Viaturas policiais se enfileiravam pela estrada na busca ao maior fora-da-lei que a cidade de São Sebastião já viu. Metade do corpo policial de São Paulo viajou até o vilarejo de Saco Fora, na região praiana pouco povoada, onde o famigerado bandido havia sido visto pela última vez. Ele era o mais falado das páginas policiais há pelo menos quarenta dias, desde que matou o maior xerife do lugar. Postes e paredes estampavam seu rosto e apelido, que lembra um vilão dos filmes de bang-bang. Manuel Moreira, o Cara de Cavalo, não foi protagonista de um clássico de faroeste, mas ainda assim teve sua vida transformada em obra de arte.

As paredes cinza do edifício da Universidade Estadual do Rio de Janeiro (UERJ) são recentes. A paisagem da Grande Tijuca era um pouco mais colorida quando o local abrigava a Favela do Esqueleto, até a década de 60. Entre o estádio do Maracanã e do Morro do Mangueira, o Esqueleto foi destruído durante a gestão Carlos Lacerda, governador do estado da Guanabara entre 61 e 65. Mas antes de sua população ser transferida à força para a atual Vila Kennedy, em Bangu, a Favela do Esqueleto teve uma celebridade entre os seus. Manuel Moreira, conhecido como Cara de Cavalo, não era lá um bandido de alta periculosidade. Seu nome, no entanto, foi cuspido pela boca de muito policial enfurecido.

Um Manuel ainda menino tomava, pelas manhãs, o trem de número 33 na Mangueira, que o levaria até a atual Central do Brasil, na época chamada de estação Dom Pedro II. A ocupação do garoto era diferente daqueles milhares de trabalhadores legais que atravessavam a cidade todos os dias dentro dos vagões. Manuel começara a vender maconha na Central com pouco mais de 10 anos, abastecendo de bagulho àqueles que passavam pelo ponto mais movimentado da cidade. O menino não era exatamente o espelho do traficante atual, gerente comercial de bocas de fumo instaladas em morro. Sua distribuição era no asfalto, na encolha, como aprendeu com a malandragem dos anos 40 e 50, na Favela do Esqueleto e no Morro da Mangueira.

Favela do Esqueleto em 1961. (Foto: Marcelo Heitor Ferreira Mendes)
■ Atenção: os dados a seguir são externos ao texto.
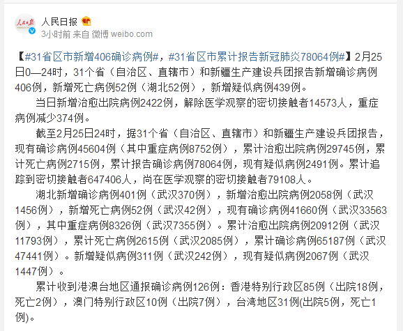 2月25日0—24时,31个省(自治区、直辖市)和新疆生产建设兵团报告新增确诊病例406例,新增死亡病例52例(湖北52例),新增疑似病例439例。

Seu encantamento pelas ladeiras tortuosas da vida também o levou a se aproximar das prostitutas do Centro, que batiam ponto entre a Central do Brasil e a Rodoviária, pedaço onde Manuel passava a maior parte do tempo. Ele virou cafetão de algumas das meretrizes pobres do local, enquanto complementava seu orçamento com a venda de maconha. Sua fama de prematuro no crime o fez ganhar respeito, o jovem passou a ser conhecido em outras comunidades além do Esqueleto. A polícia também ficou sabendo da sua existência após Vilma, uma de suas várias esposas, assassinar uma rival por ciúmes. Sua fama galopava Rio de Janeiro afora.
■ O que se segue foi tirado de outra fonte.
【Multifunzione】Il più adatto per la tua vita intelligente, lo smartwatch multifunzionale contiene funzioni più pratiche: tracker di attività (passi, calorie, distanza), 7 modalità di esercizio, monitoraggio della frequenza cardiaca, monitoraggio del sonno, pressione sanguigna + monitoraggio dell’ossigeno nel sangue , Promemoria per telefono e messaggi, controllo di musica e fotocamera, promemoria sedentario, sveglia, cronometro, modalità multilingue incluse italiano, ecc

27 de agosto de 1964. O céu claro e a brisa da tarde não eram suficientes para tornar o clima agradável no bairro de Vila Isabel. A terra das calçadas musicais era palco de uma perseguição que mudaria o rumo da segurança pública do estado do Rio de Janeiro.
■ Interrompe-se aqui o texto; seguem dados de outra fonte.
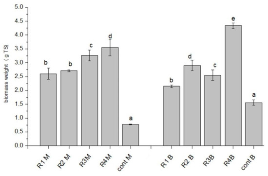 In terms of biomass yield, it was found that all used composts caused a significant increase in fescue biomass (Figure 6). Moreover, with R4 compost application a much higher biomass generation was achieved, compared to R1, R2, and R3 compost application for both types of soil. In the control sample (cont M), very poor plant growth was observed, which was associated with very high contamination of soil from the zinc smelter area by heavy metals. Two main mechanisms were most likely responsible for this effect: first, the low nutrient content compared to the soils treated with composts and, second, the toxic effect of heavy metals [36]. The obtained plant cover stabilized heavy metals in the ground and prevented heavy metals from spreading as a result of secondary emissions from weathering [37]. Applied composts introduced macronutrients as well as organic matter into the soil, and thus enabled proper growth of plants. Moreover, the compost had biosorbent functions and absorbed heavy metals [38]. This function is linked with the presence of humus and inorganic compounds with a number of functional groups as well as microorganisms [26,39]. The higher growth of biomass with compost addition was also observed for soil B, where composts enriched the degraded soil in macronutrients and organic matter. The factorial analysis showed that the highest impacts on biomass growth came from the type of sewage sludge and the addition ratio (Table S2, Supplementary Materials). The highest yield was achieved for compost produced from mixture R4 (30% sewage sludge from the co-digestion process). As compared with control samples, it was almost 5-fold and 3-fold higher for soil M and soil B, respectively.
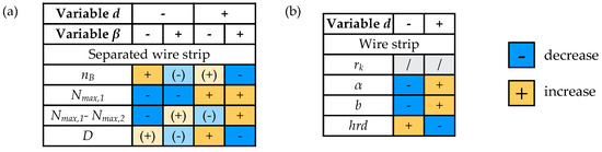 Matrices of influence. (a) Effect of the rolling gap d and the bending angle β on the material separation during cyclic bending of rolled wire strip. (b) Partial effect of d on rolled wire strip.
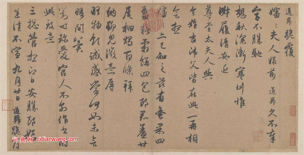 道昇跪復嬸嬸夫人妝前,道昇久不奉字,不勝馳想,秋深漸寒,計惟淑履請安。近尊堂太夫人與令侄吉師父,皆在此一再相會,想嬸嬸亦已知之,茲有蜜果四盝,糖霜餅四包,郎君鯗廿尾,?燭百條拜納,聊見微意,辱略物領,誠感當何如。未會晤間,冀對時珍愛,官人不別作書,附此致意,三總管想即日安勝,郎娘悉佳。不宣,九月廿日,道昇跪復。

Policiais da região da Grande Tijuca receberam uma queixa da cúpula do jogo do bicho: há um rapaz por aí assaltando as bancas da rapaziada. Cara de Cavalo, agora adulto e envolvido com os contraventores, cresceu o olho e passou a chantageá-los. Em uma espécie de “pague-me e estará salvo de mim mesmo”, o bandido ganhava o seu dinheiro de todas as formas: a banca de jogo do bicho que não pagava a mensalidade era roubada. Uma versão beta da atual milícia no subúrbio carioca. Cara de Cavalo se transformou no personagem mais odiado dos bicheiros da cidade, que foram contar as suas peripécias para os delegados.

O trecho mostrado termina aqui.